◆ PROBLEM STATEMENT
Write all entries out exactly, images excluded.

[Collection entries]
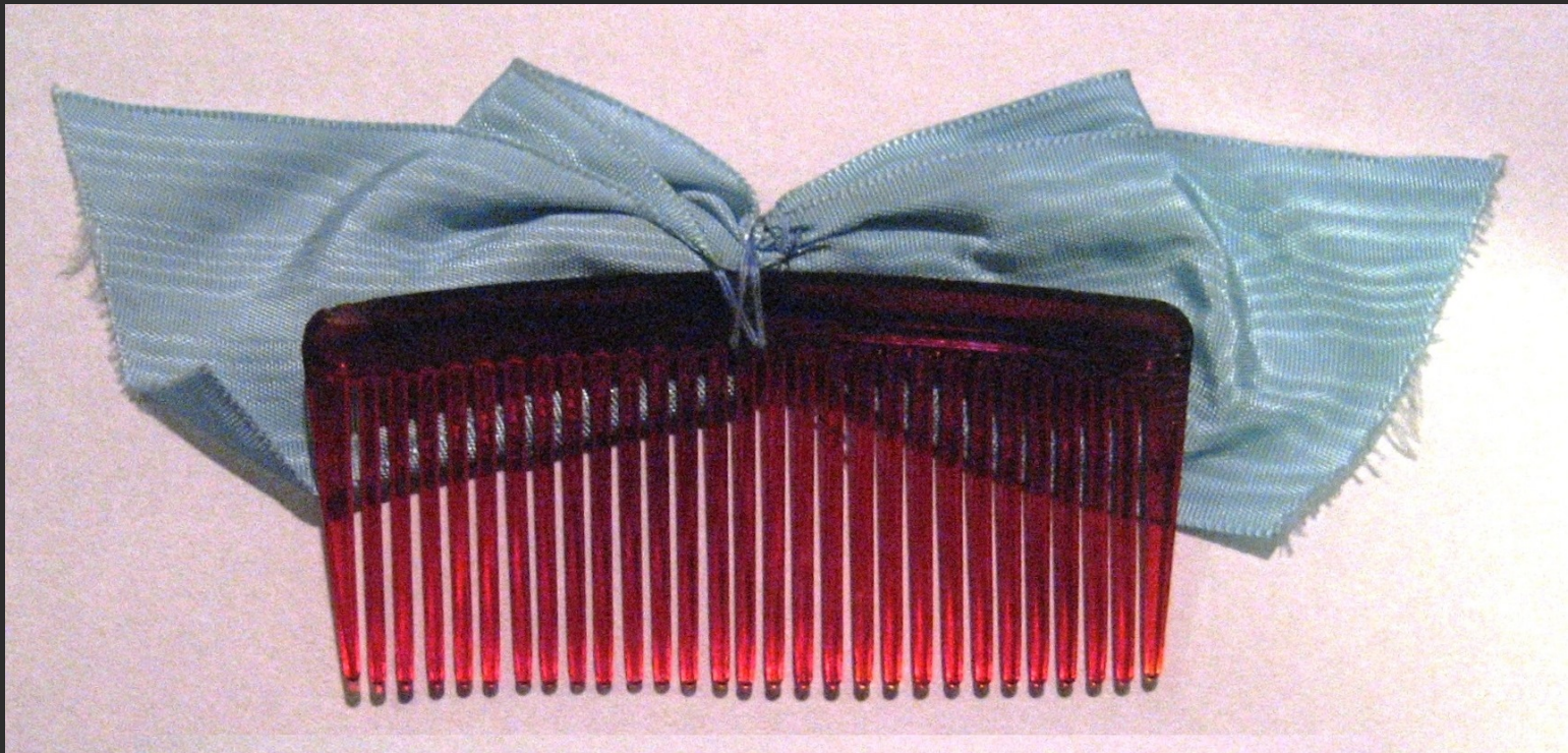
Girls bow (back view) with comb attached (1964)
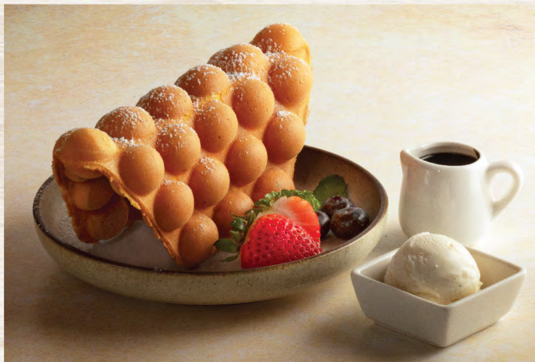
Original Egg Waffle with Ice Cream 原味雞蛋仔伴雪糕
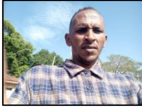
Bahilu Nagaro Village- Wenchee Reached 15 People
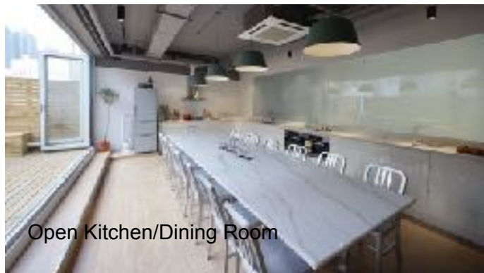
Open Kitchen/Dining Room
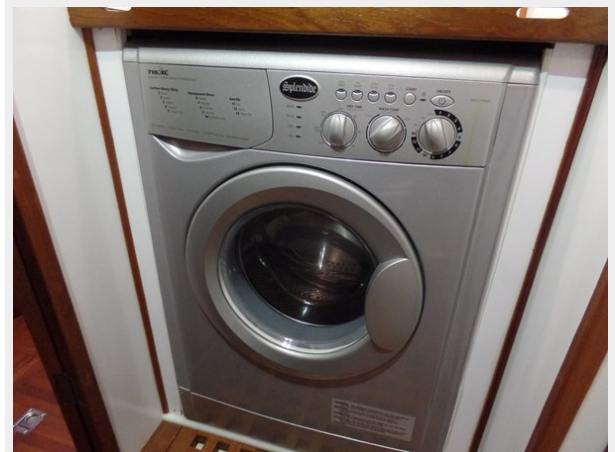
Mujuk Marine Trader 1984 Walkaround Washer and Dryer
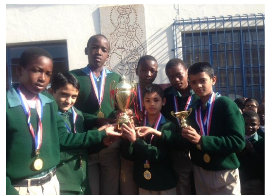
The School Cricket team won first place in the primary schools tournament for Swaziland.
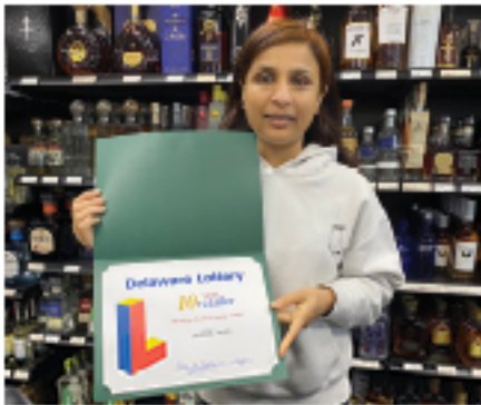
10 YEARS UNIVERSAL LIQUORS
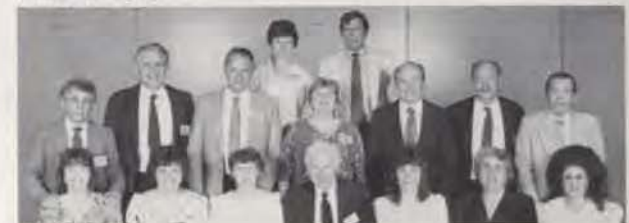
Class of 1963
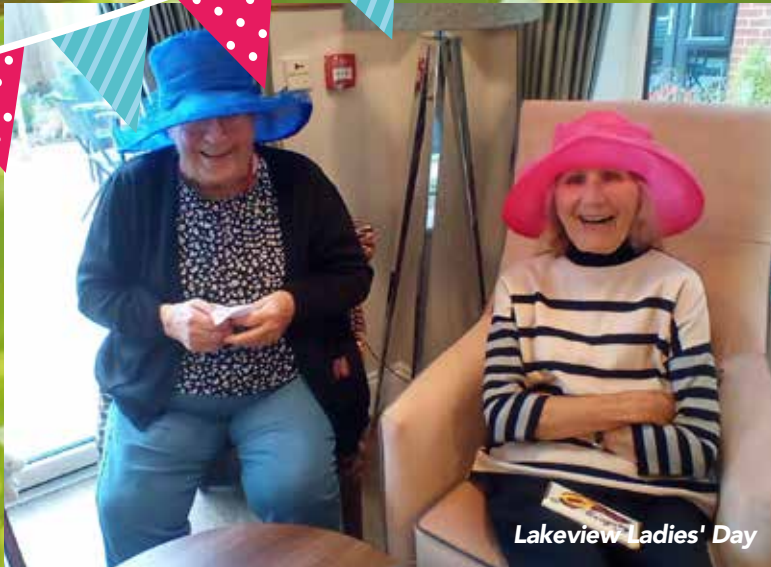
Lakeview Ladies' Day
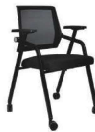
WITH WHEEL WITHOUT PAD
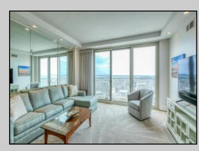
322 Boardwalk Ocean City, NJ 08226
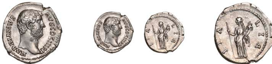
1315 Hadrian , Denarius, 130-3, laureate bust right, rev. Italia standing left, holding sceptre and cornucopiæ, 3.33g (RIC 1540; RSC 867). Good very fine £100-£120
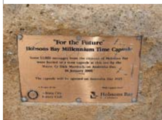
TIME CAPSULE - 2025

ALL FUNDS RAISED BY THIS INITIATIVE GOES BACK INTO OUR LOCAL PARKS

◆ PROBLEM SOLUTION
Girls bow (back view) with comb attached (1964)
Original Egg Waffle with Ice Cream 原味雞蛋仔伴雪糕
Bahilu Nagaro Village- Wenchee Reached 15 People
Open Kitchen/Dining Room
Mujuk Marine Trader 1984 Walkaround Washer and Dryer
The School Cricket team won first place in the primary schools tournament for Swaziland.
10 YEARS UNIVERSAL LIQUORS
Class of 1963
Lakeview Ladies' Day
WITH WHEEL WITHOUT PAD
322 Boardwalk Ocean City, NJ 08226
1315 Hadrian , Denarius, 130-3, laureate bust right, rev. Italia standing left, holding sceptre and cornucopiæ, 3.33g (RIC 1540; RSC 867). Good very fine £100-£120
TIME CAPSULE - 2025

ALL FUNDS RAISED BY THIS INITIATIVE GOES BACK INTO OUR LOCAL PARKS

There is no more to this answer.